What is a Stop Order?
A stop order or stop loss order is an order to buy or sell a digital asset at the market price once the stock has traded at or through a specified price (the “stop price”). The order is valid until it’s closed or cancelled by the user. As stop orders are executed at the market price, stop orders are also known as stop market orders.
A stop order aims to limit the loss to a small range when investment performance is disappointing. That is, when the loss reaches the allowed limit, the position will be closed immediately to avoid greater losses.
A buy stop order and a sell stop order
According to the direction of a trade, stop orders are divided into buy stop orders and sell stop orders.
A buy stop order means if the market price reaches or breaks through a specified price (the “stop price”), the stop order to buy is triggered and executed at the market’s current price. In general, a buy stop order is entered at a stop price above the current market price.
A sell stop order means if the market price drops to or fall further below the stop price, the stop order to sell is triggered and executed at the market’s current price. In general, a sell stop order is entered at a stop price below the current market price.
For both a buy stop order or a sell stop order, its roles mainly involve the following three aspects:
1. The stop order to buy is triggered to enter the rising market immediately.
For example, BTC is currently trading around $10, 000. According to the estimates, once BTC breaks through the key level of $10, 000, it is likely to continue to rise. Therefore, you set a stop order to buy with a stop price of $10,100. Once the rally reaches or breaks through $10,100, the stop order to buy will be triggered and executed at the market’s current price to deal with a rising market.
2. The stop order to sell is triggered to exit from the falling markets and avoids greater losses.
For example, the market continues to decline after you bought 1 BTC at $10, 000. You estimate that BTC prices will fall further, so you set a stop order to sell with a stop price of $9,800. Once BTC prices fall to or breaks below $9,800, the stop order to sell will be triggered and executed at the market’s current price to deal with a falling market, avoiding greater loess.
3. A Stop order is triggered to protect short/long positions when the market is moving contrary to expectations.

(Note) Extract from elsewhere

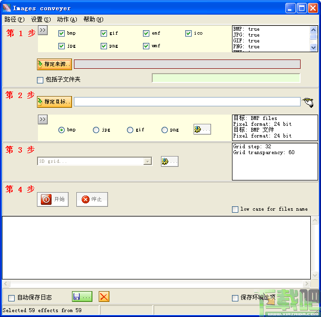 Images Conveyer是一款图形格式转换工具,只要4個步驟就能輕松轉換成指定的格式,並且提供50種不同的效果可搭配使用,支持格式如:BMP、EMF、GIF、JPG、ICO、PNG、WMF。

For example, BTC is currently priced at $10, 000, and you opened a short position at $11,000 and you have a profitable balance on your account. However, the current market trend is not clear, if the market declines further, you will continue to make a profit; but if the market goes up, you will lose your existing profit or even risk a loss. As a result, you choose to set a stop-loss order with a stop price of $10,500. Once the market reached or breaks through $10,500, the stop order to buy will be triggered and executed at the market’s current price, which is equivalent to stopping profit and locking the shorting profits. On the other hand, if you open a long position when the BTC price stands at $9,000, you can also use a stop order to protect your long position after the market turns around.
Advantages and risks
Advantages: As the market order, stop order can satisfy the need for immediate execution and realize the result of instant stop of loss.
Risks: the trade price is executed at the market price, which may deviate from the expected price. In addition, as the primary goal is to ensure the execution of orders, if the stop price is set unreasonably, it is likely to lead to unnecessary losses on a fast-moving market, which sometimes rallies shortly after a sharply decline.
Factors need to be considered when placing a stop order
1. The need of trading. Stop orders are generally more appropriate for investors with short-and medium-term strategies, while for those with long-term strategies, it should be used carefully to avoid unnecessary losses.
2. Leverage technical analysis tools to assist in setting prices.